Exercise brief: The copy has to match the data exactly and leave out every picture.

Recorded information:
::::
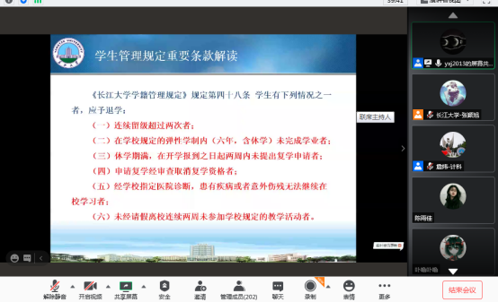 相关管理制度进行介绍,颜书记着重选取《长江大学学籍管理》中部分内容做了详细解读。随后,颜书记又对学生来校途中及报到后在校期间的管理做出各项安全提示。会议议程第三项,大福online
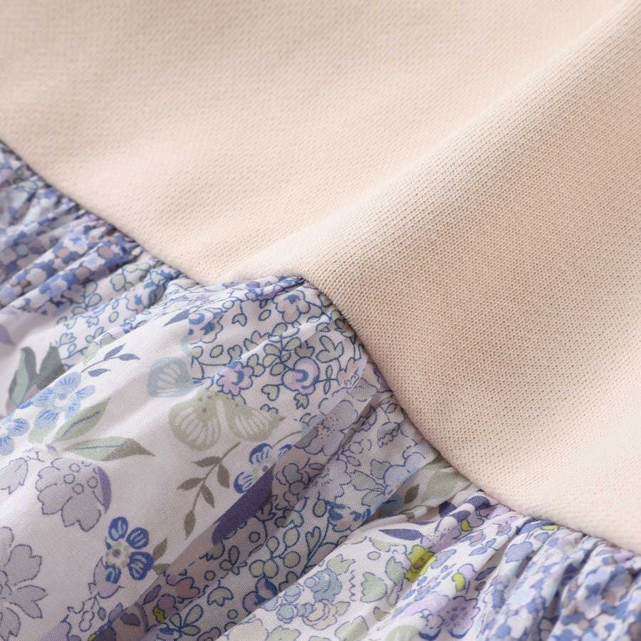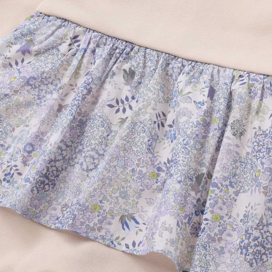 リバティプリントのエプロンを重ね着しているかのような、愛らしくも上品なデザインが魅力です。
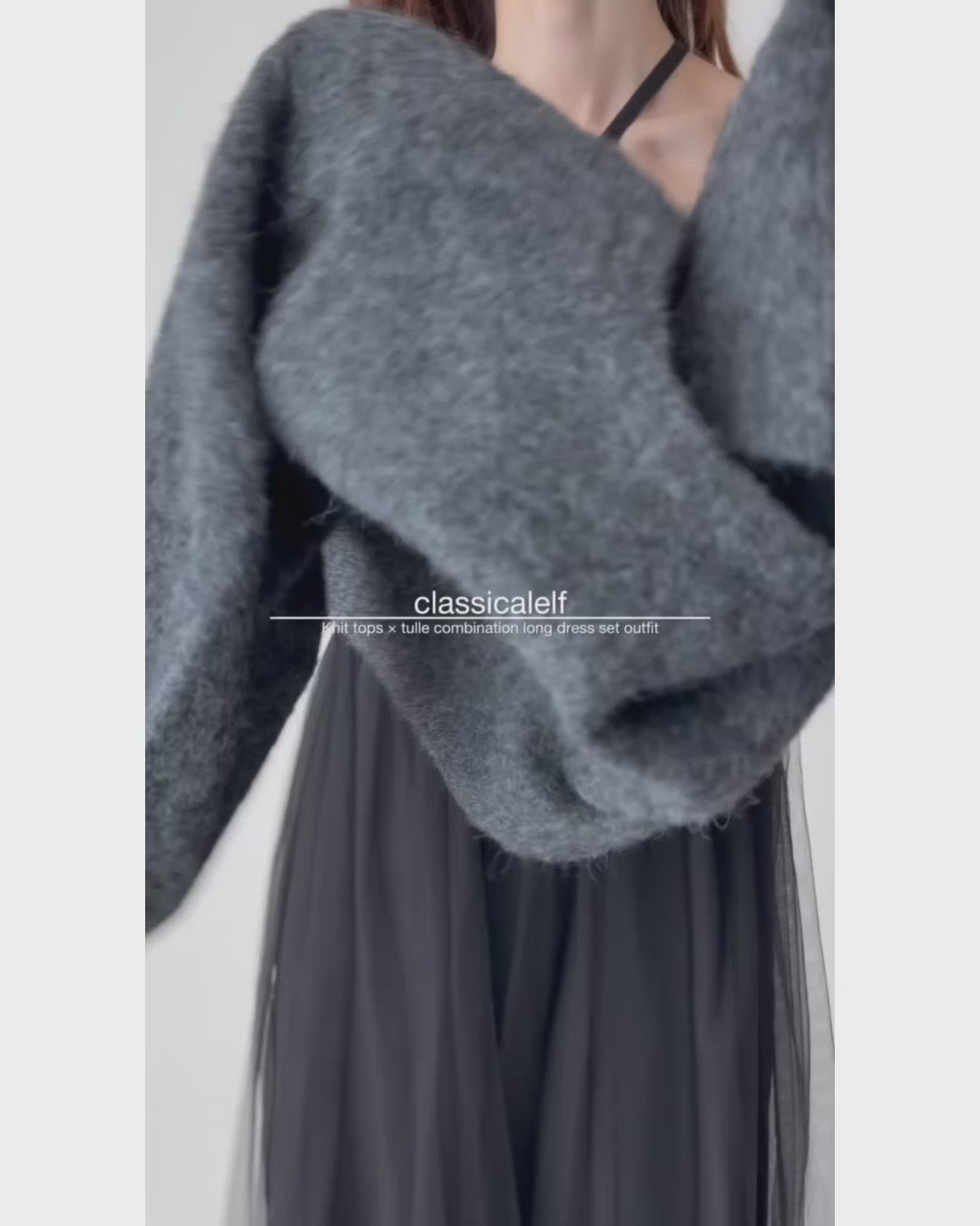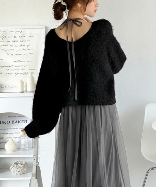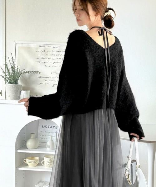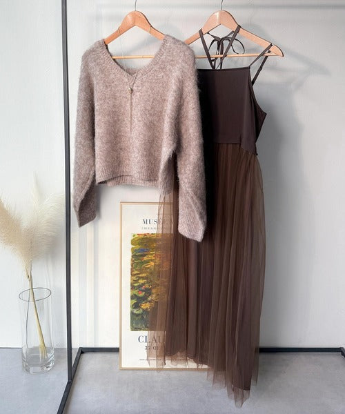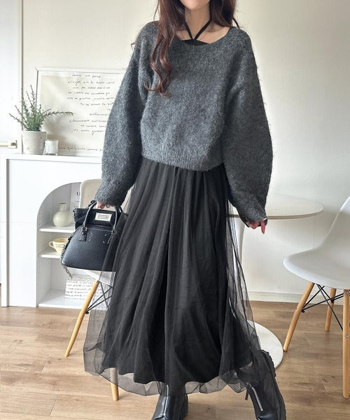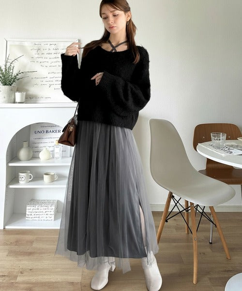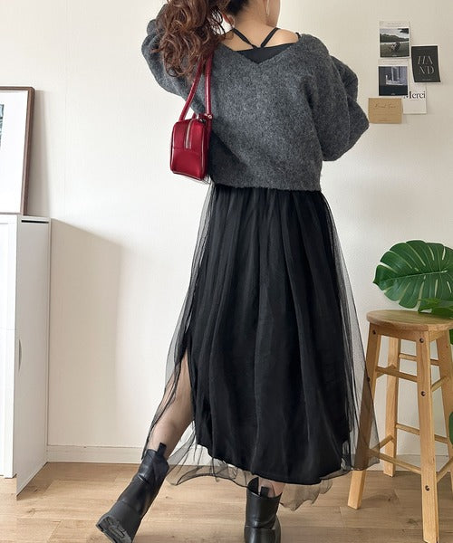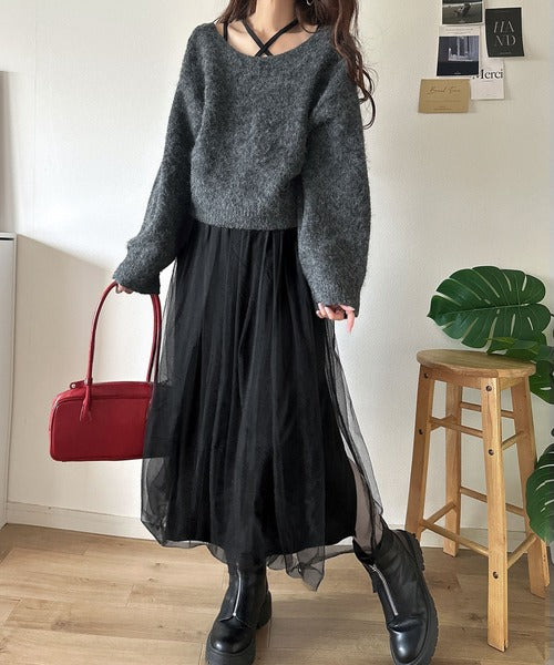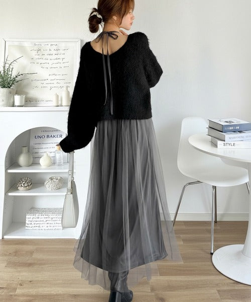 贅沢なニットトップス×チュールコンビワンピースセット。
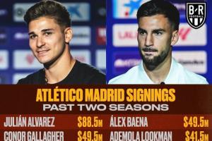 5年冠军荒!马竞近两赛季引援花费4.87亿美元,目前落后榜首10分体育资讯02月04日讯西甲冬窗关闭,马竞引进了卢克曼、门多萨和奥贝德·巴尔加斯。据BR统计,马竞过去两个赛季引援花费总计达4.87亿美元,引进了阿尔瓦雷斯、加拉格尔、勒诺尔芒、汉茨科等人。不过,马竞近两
::::
Solution to this problem:
 相关管理制度进行介绍,颜书记着重选取《长江大学学籍管理》中部分内容做了详细解读。随后,颜书记又对学生来校途中及报到后在校期间的管理做出各项安全提示。会议议程第三项,大福online
 リバティプリントのエプロンを重ね着しているかのような、愛らしくも上品なデザインが魅力です。
 贅沢なニットトップス×チュールコンビワンピースセット。
 5年冠军荒!马竞近两赛季引援花费4.87亿美元,目前落后榜首10分体育资讯02月04日讯西甲冬窗关闭,马竞引进了卢克曼、门多萨和奥贝德·巴尔加斯。据BR统计,马竞过去两个赛季引援花费总计达4.87亿美元,引进了阿尔瓦雷斯、加拉格尔、勒诺尔芒、汉茨科等人。不过,马竞近两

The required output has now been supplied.